▶ _Work to complete_
Leaving out every picture, copy the lines of the material below exactly, from the line containing "體育資訊06月24日訊 世俱" through the line containing "The Rockwood 2908SRL".

▶ _Supplied information_
+ + + +
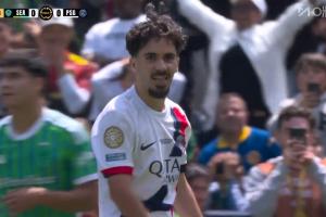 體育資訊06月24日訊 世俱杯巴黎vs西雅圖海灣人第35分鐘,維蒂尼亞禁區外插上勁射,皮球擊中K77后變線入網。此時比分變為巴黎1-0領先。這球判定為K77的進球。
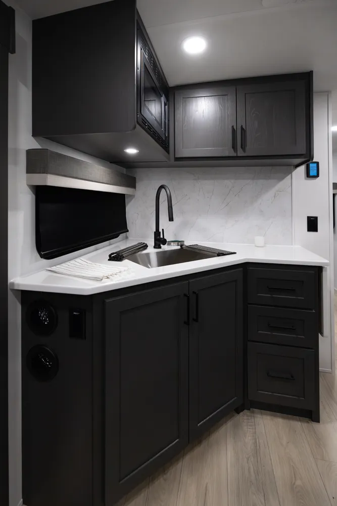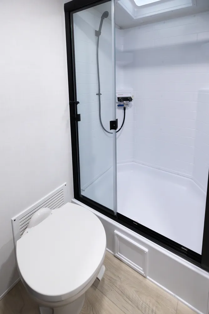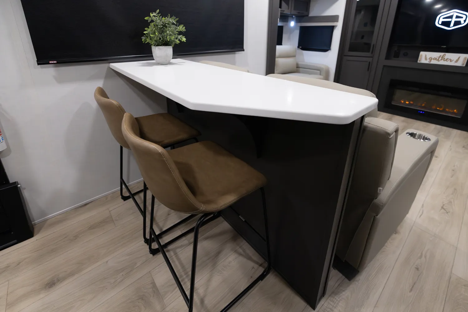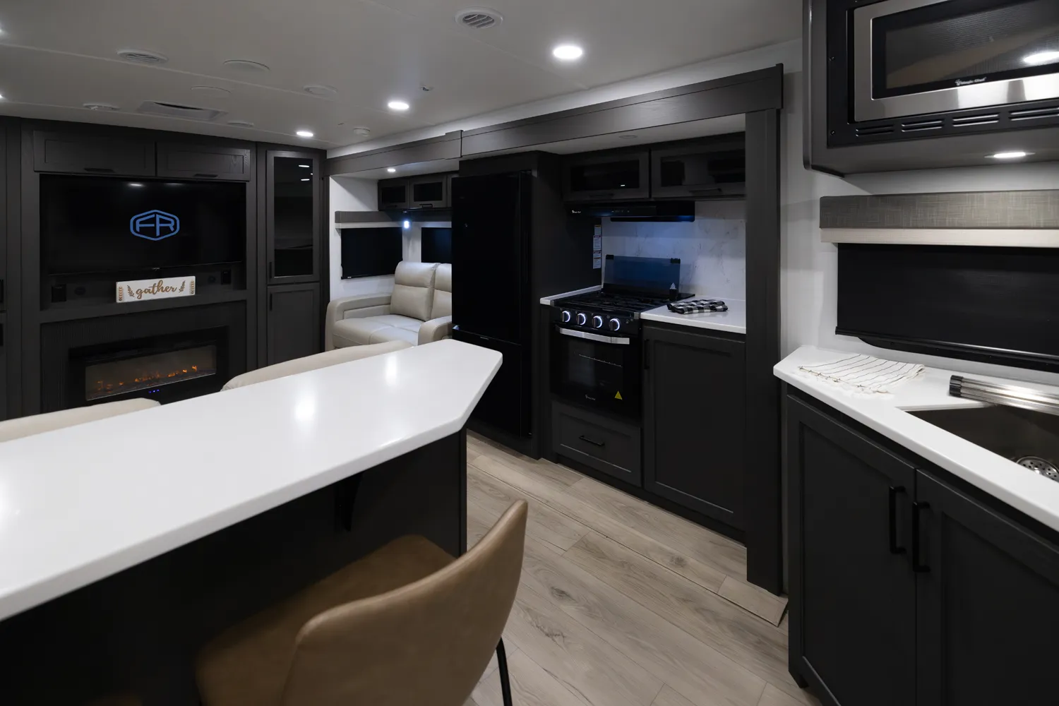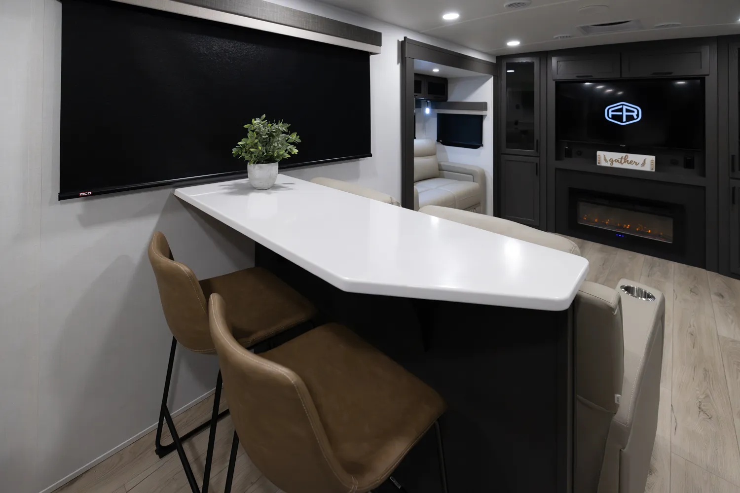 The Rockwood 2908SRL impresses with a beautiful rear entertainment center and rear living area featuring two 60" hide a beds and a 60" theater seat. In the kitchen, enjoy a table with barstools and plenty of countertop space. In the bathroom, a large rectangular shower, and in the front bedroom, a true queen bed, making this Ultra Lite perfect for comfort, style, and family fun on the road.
+ + + +
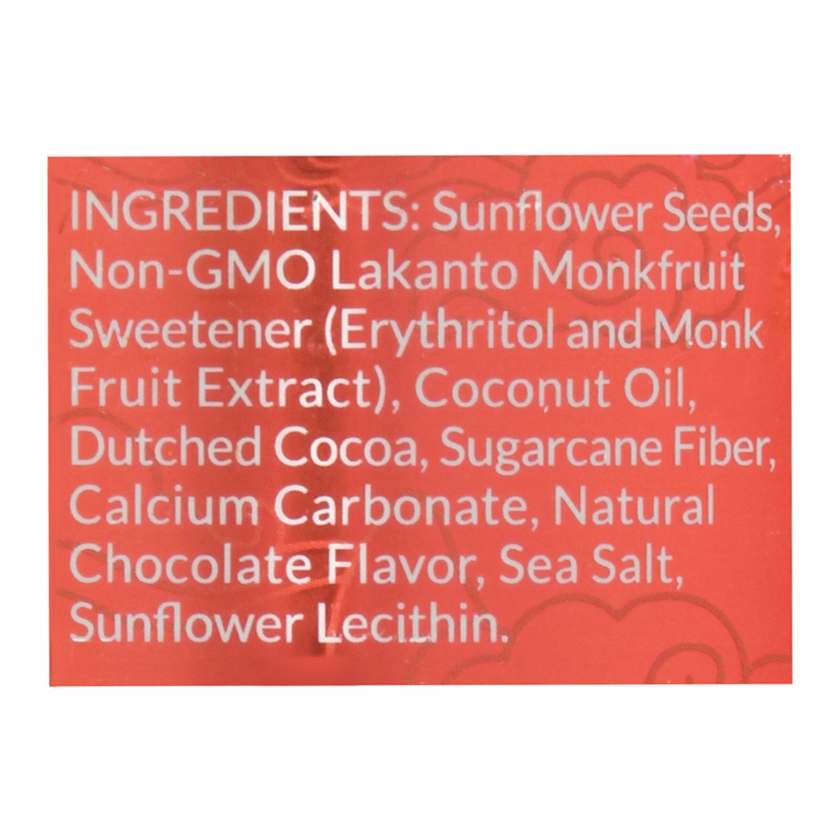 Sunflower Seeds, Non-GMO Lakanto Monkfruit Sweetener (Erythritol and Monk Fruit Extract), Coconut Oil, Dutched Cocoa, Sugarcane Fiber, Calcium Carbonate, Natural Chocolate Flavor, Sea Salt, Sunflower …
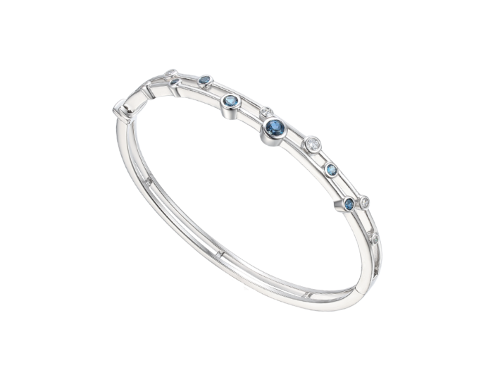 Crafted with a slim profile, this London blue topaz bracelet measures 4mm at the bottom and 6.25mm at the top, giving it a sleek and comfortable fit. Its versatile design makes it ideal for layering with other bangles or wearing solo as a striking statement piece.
+ + + +
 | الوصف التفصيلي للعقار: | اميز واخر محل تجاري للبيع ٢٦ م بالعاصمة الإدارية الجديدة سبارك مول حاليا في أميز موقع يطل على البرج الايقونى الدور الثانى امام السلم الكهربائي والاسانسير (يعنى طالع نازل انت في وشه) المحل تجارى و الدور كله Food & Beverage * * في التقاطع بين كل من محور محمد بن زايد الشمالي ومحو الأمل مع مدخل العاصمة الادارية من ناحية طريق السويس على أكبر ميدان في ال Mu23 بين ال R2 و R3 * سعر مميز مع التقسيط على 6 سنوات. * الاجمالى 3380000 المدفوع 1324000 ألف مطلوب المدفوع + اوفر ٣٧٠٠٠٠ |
+ + + +
▶ _Answer to this task_
 體育資訊06月24日訊 世俱杯巴黎vs西雅圖海灣人第35分鐘,維蒂尼亞禁區外插上勁射,皮球擊中K77后變線入網。此時比分變為巴黎1-0領先。這球判定為K77的進球。
 The Rockwood 2908SRL impresses with a beautiful rear entertainment center and rear living area featuring two 60" hide a beds and a 60" theater seat. In the kitchen, enjoy a table with barstools and plenty of countertop space. In the bathroom, a large rectangular shower, and in the front bedroom, a true queen bed, making this Ultra Lite perfect for comfort, style, and family fun on the road.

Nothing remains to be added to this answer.